Ils ne pouvaient plus se cacher la réalité : leur affaire marchait de moins en moins bien. Le chiffre ne cessait de diminuer. Certes, il y avait eu le Covid et l’affreuse année 2020, mais la pente était amorcée depuis 2015 au moins, si ce n’est 2012. Ils devaient le reconnaitre, ils n’arrivaient pas à redresser la barre. 

Ils avaient monté leur hôtel en 1991. Cela faisait donc 30 ans. Lui cuisinier, elle serveuse de restaurant, ils s’étaient rencontrés, mariés, et, assez vite, avaient décidé de « créer quelque chose ». Ce projet était devenu consubstantiel de leur amour, au même titre que l’enfant, Adeline, née deux ans avant l’ouverture de l’hôtel.

Car c’est un hôtel plutôt qu’un restaurant qui s’était imposé à eux. 

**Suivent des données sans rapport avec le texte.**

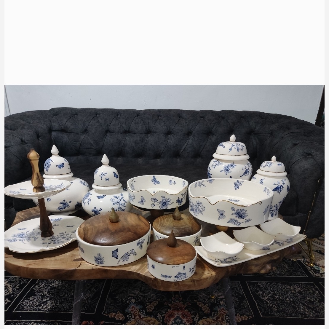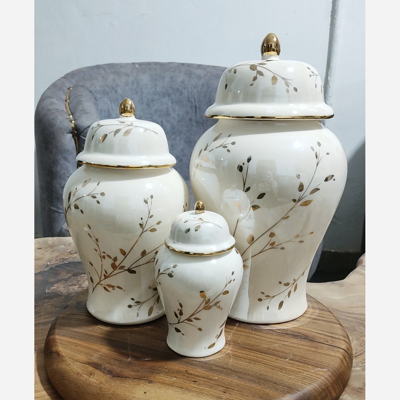 جینجرجار طلا کاری شده جینجرجارسه سایزی قابلیت ساخت اباژور از ست و ست کامل ظروف عکس اول قیمت داخل اگهی میباشد ک با لعاب عادی پوشیده شده عکس دوم لاستر صدفی خورده ک براقیت ان بیشتر شده و قیمت با عکس اول متفاوت میباشد

D’abord, ils connaissaient trop la fragilité d’un restaurant pour avoir envie d’en monter un. Un hôtel était solide, s’imposait dans une ville, tandis qu’un restaurant dépendait des modes et de la concurrence, permanente, car des tas de gens s’improvisaient restaurateurs et les ouvertures pullulaient, avec plus ou moins de réussite.

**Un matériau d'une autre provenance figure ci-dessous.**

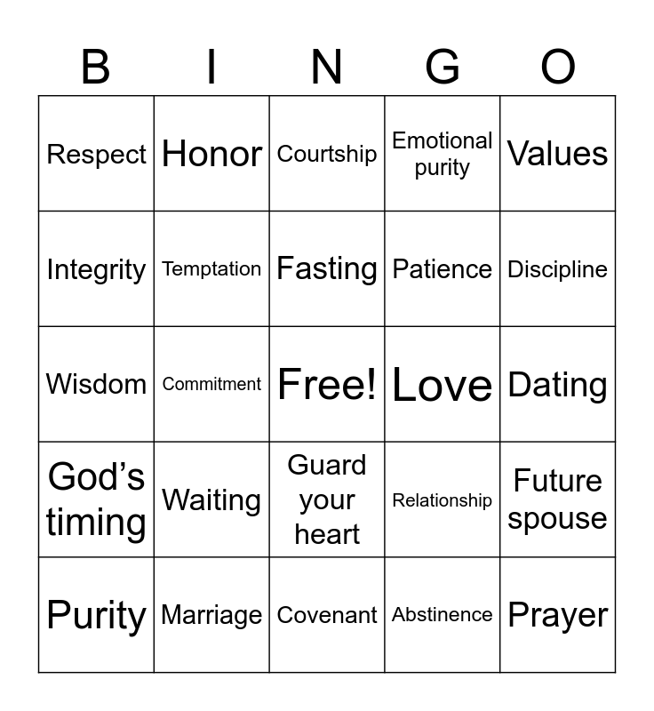 This bingo card has a free space and 29 words: Purity, Boundaries, Commitment, Self-control, Respect, Courtship, Temptation, Waiting, Love, Marriage, Dating, Prayer, Covenant, Abstinence, Discipline, Accountability, Guard your heart, God’s timing, Values, Wisdom, Relationship, Truth, Patience, Integrity, Emotional purity, Honor, Future spouse, Fasting and Communication.

Ensuite, ils rêvaient d’accueillir des visiteurs dans leur bonne ville du Puy, en dehors de laquelle ils ne se voyaient pas vivre. Les gens appréciaient qu’on donne le meilleur de soi pour les nourrir et les loger, mais si en plus on leur faisait aimer la ville où ils s’arrêtaient, cela créait un véritable attachement. Les qualités de l’hôtel devenaient partie intégrante des souvenirs de vacances, les hôteliers figuraient les personnages indispensables de l’histoire que l’on aurait à (se) raconter au retour. Franck et Laura, c’était leurs prénoms, se voyaient bien dans la peau de ces personnages, typiques et sympathiques.

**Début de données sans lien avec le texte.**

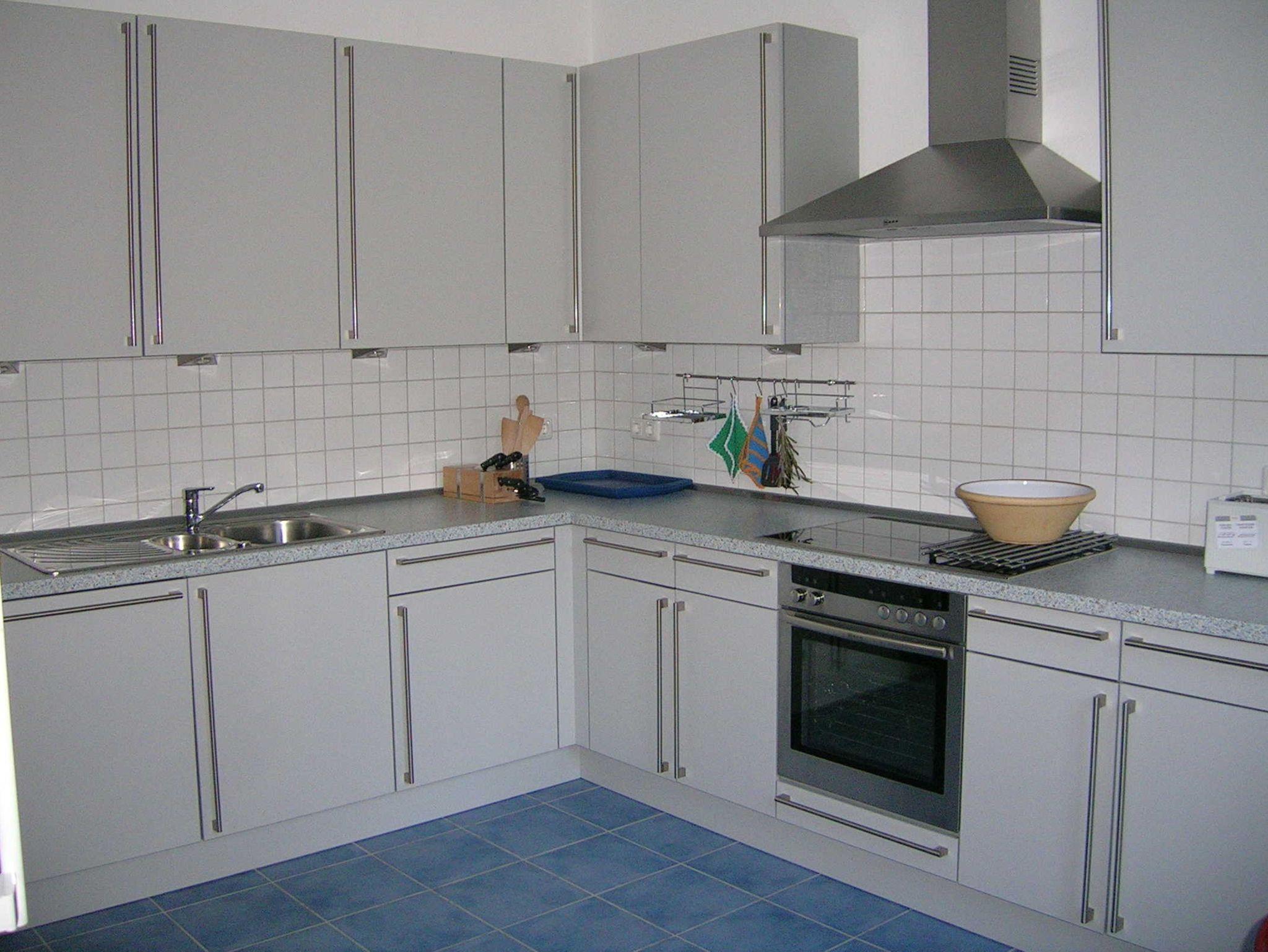 komplett eingerichtet, Spülmaschine, E-Herd mit großem Ceranfeld und Backofen, großer Kühlschrank mit Gefrierfach, Mixer, Kaffeemaschine, Mikrowelle, Toaster, Waschtrockner usw.

Cela avait bien démarré. On pouvait même dire que les dix premières années avaient été fantastiques. Il y avait du monde, de la vie, de la joie, l’hôtel plaisait et gagnait en renommée, fréquenté aussi bien par des vacanciers que par des personnes en déplacement professionnel. Les clients y revenaient : des commerciaux, des enseignants, des marcheurs et des estivants. Franck essayait des recettes, adaptait en permanence, se prenait au jeu. Laura ne cessait d’embellir la salle à manger, le salon, les chambres. Ils travaillaient avec une femme de chambre et un commis de cuisine, assuraient tout le reste. Ils ne distinguaient pas la vie personnelle et la vie professionnelle, et ça leur convenait ; ils aimaient travailler.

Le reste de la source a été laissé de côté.